Leadership lessons from a life of war and peace.
Clark (Winning Modern Wars, 2003, etc.) has been many things during his adventurous life, including a Rhodes Scholar, a four-star Army general and an ardent presidential candidate. In this spare but engaging autobiography, he recounts his evolution from a struggling Arkansas youth with a speech defect to a military man and respected strategist who led troops at home and abroad. To the book’s detriment, much of it is couched as a leadership manual; even the valid lessons smack of management coaching vernacular and are often superfluous to the events at hand. Fortunately, the events themselves make fascinating reading. Clark begins with a terse, visceral account of a bloody ambush in the jungles of Vietnam.
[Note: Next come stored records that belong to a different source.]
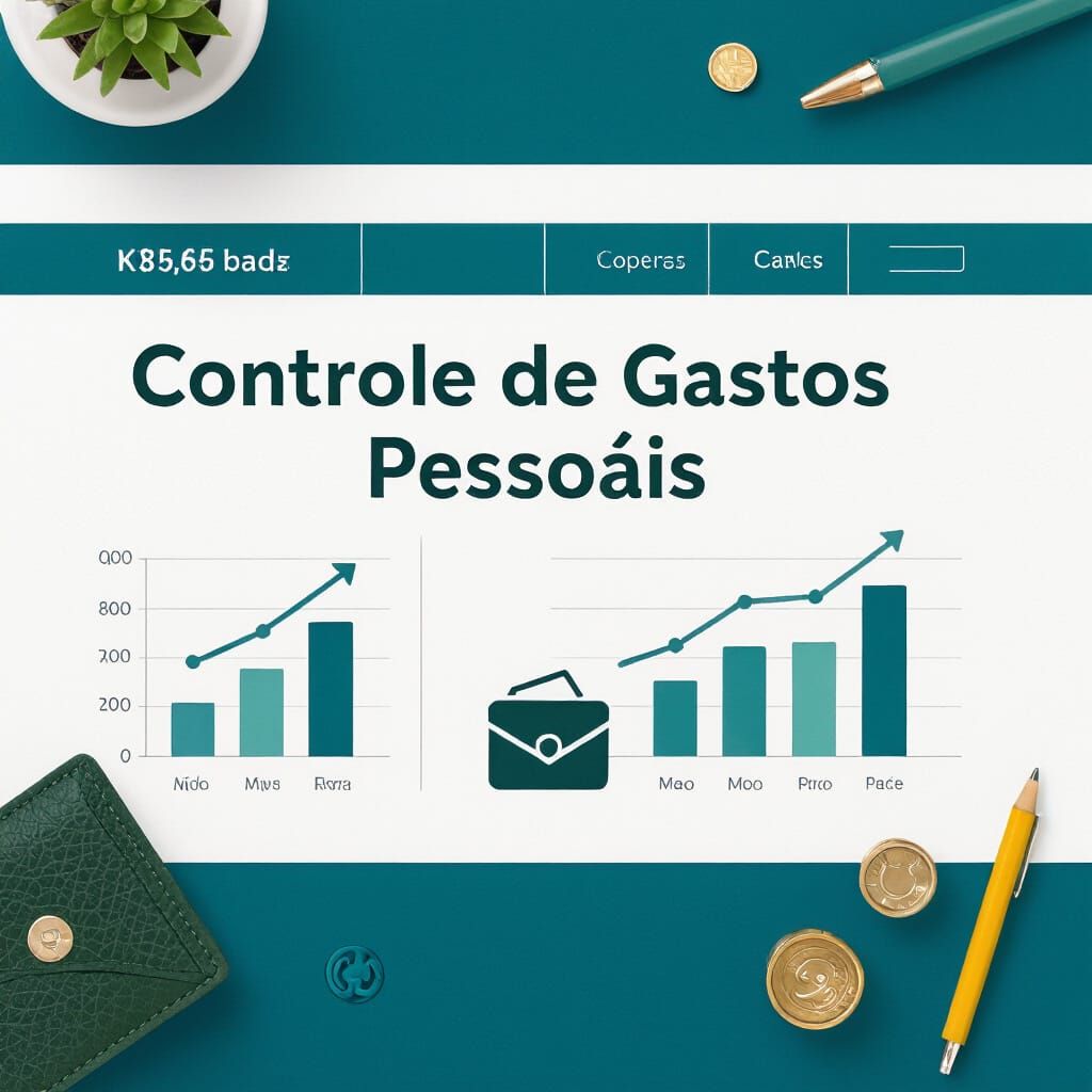This clean and organized spreadsheet cover for personal expense tracking features a central title with subtle blue and green financial graphics. Minimalist design with a wallet icon.
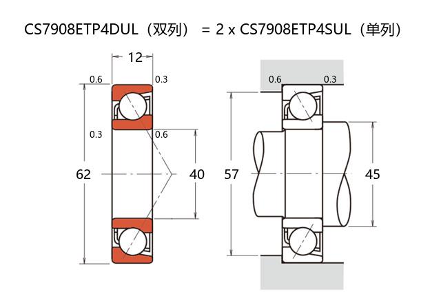 前缀列表:【C:陶瓷球】【S:密封型】后缀列表:【E:接触角 25°】【T:尼龙保持架】【P4:ISO 4级精度】【DU:两个万能组合】
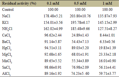 Influence of various salts at a different concentration on the enzyme activity was checked. The tested salts were NaCl, KCl, NH4Cl, SnCl2, CaCl2, BaCl2, MnCl2, MgCl2, and AlCl3. The enzyme was pre-incubated for 10 min at 60°C with the various salts, before the addition of pectin; then, the residual pectinase activity was evaluated. Assay mixture without salts was taken as control.

The easy choice would be to glorify his military experience, but the book’s vivid descriptions of his hazardous duties are understated and candid, whether he’s recalling a failed attempt to rescue soldiers from a burning convoy while under fire or limning the treacherous political minefields of Washington. Another tense stretch came during Clark’s posting in Kosovo, where he played a life-and-death game of chicken with Yugoslavian president Slobodon Milosevic and raced the Russians to capture Priština International Airport. Clark’s willingness to admit tactical failures is admirable, and his strategic insights are piercing yet clear-cut. “Only soldiers win battles,” he writes. “The top leaders can lose by making mistakes, but the winning is done by the troops, by their skill, cunning, discipline, intuition, and motivation.” His measured criticisms of America’s approach to problems in Africa and the Middle East are equally cogent, delivered in the careful language of a political platform and drawing strongly upon his personal vision for American intervention and diplomacy in the world’s conflict zones: “pushing for the United States to do what was right, not just what was easy.”
An earnest reflection on war and peace from a commander’s unique point of view.